Galileu assumiu a tarefa, em nome da ciência e, em 1632,
publicou o livro «Diálogo sobre os dois principais sistemas do mundo», onde
defendia o sistema heliocêntrico de Copérnico, em que o sol surge no centro do
universo com a terra a girar em torno dele.
Como a obra não correspondia à sua expectativa, o Papa
convocou Galileu para ser julgado por heresia, no Tribunal da Santa Inquisição.
O físico foi condenado a abjurar (negar) publicamente as suas ideias e a
recolher à prisão. Os seus livros foram incluídos no Index (lista negra da
Inquisição) para serem queimados e a sua divulgação foi impedida. Galileu acabou
por ver a pena de prisão comutada a confinamento e, reza a lenda, à saída do
tribunal, soltou a célebre frase: “Contudo, ela se move”.
Quatro séculos depois, em 2000, o Papa João Paulo II emitiu
um pedido formal de desculpas por todos os erros cometidos pela Igreja Católica
nos últimos dois mil anos, incluindo o julgamento de Galileu. No perdão está
incluída a condenação à morte do teólogo e filósofo Giordano Bruno, por
defender erros teológicos, nos quais se incluía o teocentrismo. Giordano foi
queimado vivo em 1600.
No dia 25 de Janeiro, os gregos elegeram um governo que
contraria o discurso dominante da austeridade imposto pela crise e pela
ditadura do mercado, que levou à asfixia vários países da zona Euro, deixando
sem pão para a boca milhares de famílias.
“Mais do que um grito de protesto contra a austeridade, mais
do que uma revolução nacional, mais do que um manguito aos credores, a eleição
do Syriza na Grécia por uma confortável maioria foi, para todos os europeus,
uma lufada de ar fresco.

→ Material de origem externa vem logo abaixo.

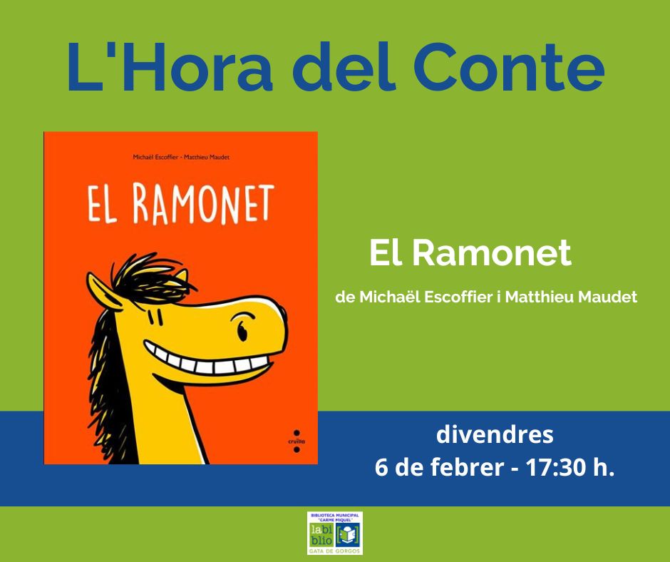 La Biblioteca de Gata de Gorgos ofereix setmanalment L’Hora del Conte, on els menuts gaudeixen d’un conte i una activitat de dibuix. Aquesta setmana el conte serà:📖 “El Ramonet” de Michaël Escoffier i Matthieu Maudet

Porque, até agora, a União Europeia não tem poupado
esforços para nos fazer crer que não há alternativas ao status quo, que, se não
estamos bem assim, poderíamos certamente estar pior, e que, afinal, a troika é
nossa amiga”, escreve Patrícia Veiga.
E agora? Interroga a professora na Universidade de
Georgetown, nos EUA, fazendo-se porta-voz de muitos eleitores, não só gregos, como
noutros países europeus. “Foi precisamente através desta singela interrogação
que a política regressou à Europa”, responde.

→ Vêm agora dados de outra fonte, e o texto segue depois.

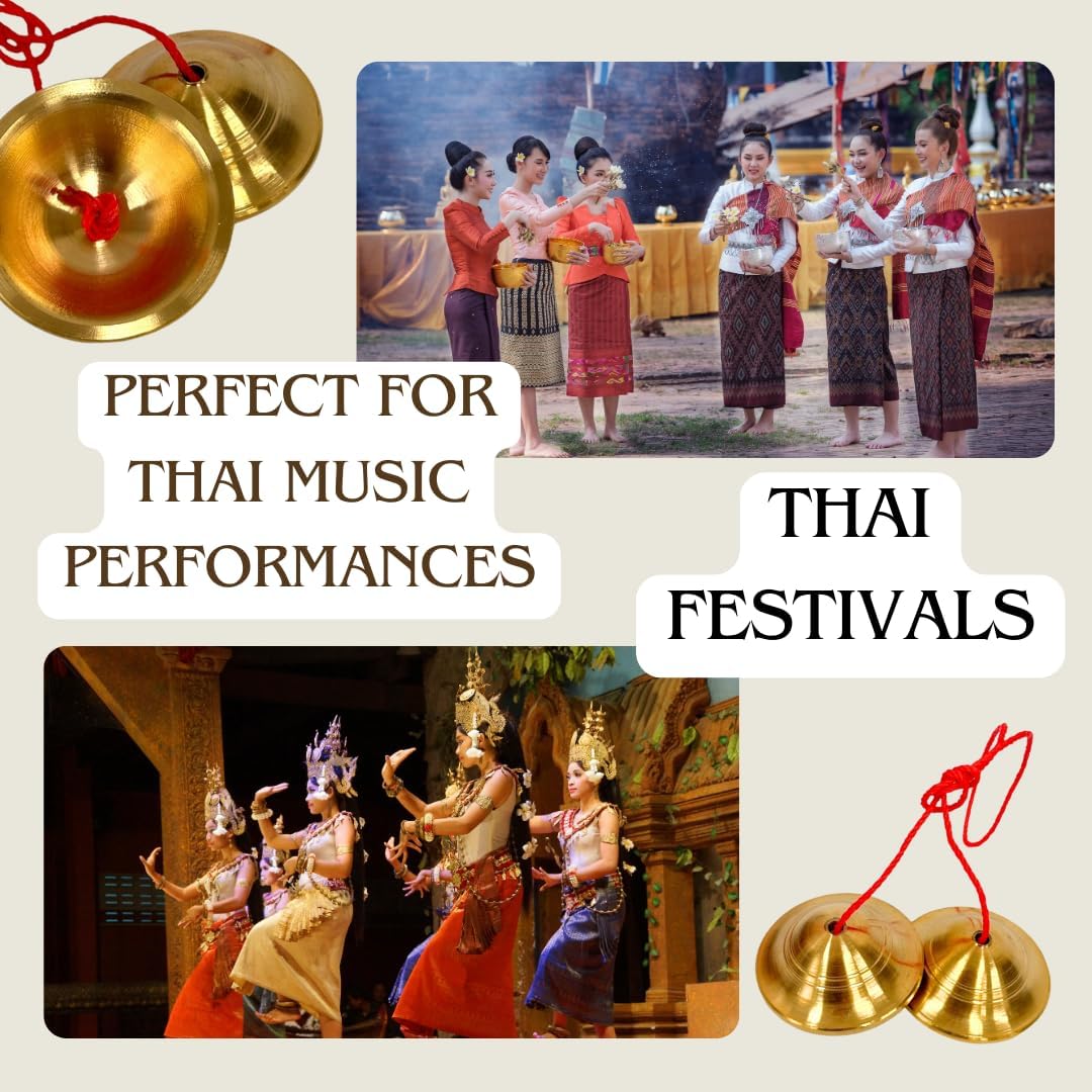 Each pair is designed using traditional methods, producing a bright, resonant tone that captures the essence of Thai music and cultural dance. Whether for temple ceremonies, classical performances, or your personal collection, these cymbals embody both artistry and authenticity.

A política é isso mesmo. A possibilidade de discutir
alternativas de construção, mudar de paradigma, reorganizar a economia,
promover a redistribuição do dinheiro, acabar com os fanatismos que nos fazem
pensar que é uma fatalidade 1% da população mundial deter metade da riqueza
mundial, quando 99% repartem migalhas que não chegam sequer a todas as mesas.
O novo governo de Alexis Tsipras tem uma difícil tarefa pela
frente e, assim que tomou posse, não hesitou em enfrentá-la quando outros
deixaram cair as promessas que os levaram ao poder. Qualquer que seja o
resultado, uma coisa é certa. Nada volta a ser como dantes. A Grécia, berço da
civilização ocidental, não nos deu apenas a democracia e a filosofia. Voltou a
pôr a política no devido lugar e destruiu o fanatismo que mina as políticas
económicas actuais, tal como a Igreja se redimiu por ter condenado, sem
fundamento, quem defendeu uma verdade diferente.

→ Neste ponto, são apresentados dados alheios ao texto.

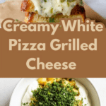 This White Pizza Grilled Cheese combines the rich creaminess of mascarpone infused with roasted garlic and fresh herbs, layered with a blend of sharp provolone, mozzarella, and parmesan cheeses, all sandwiched between thick slices of Italian or sourdough bread and grilled to golden perfection. It offers a sophisticated twist on a classic comfort food, bursting with herbaceous flavor and melty cheesy goodness.

É contra todo o tipo de fanatismos que as sociedades devem
lutar, porque são eles que levam as pessoas a ultrapassar os limites e a
cometer os crimes mais atrozes.
O holocausto foi obra de fanáticos. A questão que muitos
colocam 70 anos depois da libertação do campo de concentração de Auschwitz, é:
“Como foi possível?”. O escritor israelita Amos Oz, co-fundador do movimento
pacifista Paz Agora, tem uma resposta simples para a questão: “A semente do
fanatismo brota ao adoptar-se uma atitude de superioridade moral que impeça a
obtenção de consensos”. Portanto, o perigo pode vir de onde menos se espera. O
fanatismo “é mais contagioso do que qualquer vírus” e, por isso, Hitler
contaminou um país inteiro. Com as suas doutrinas raciais, o nazismo só produziu
morte e devastação. Deixou um legado que não pode ser esquecido. E um alerta:
os fanatismos são a verdadeira raiz do mal.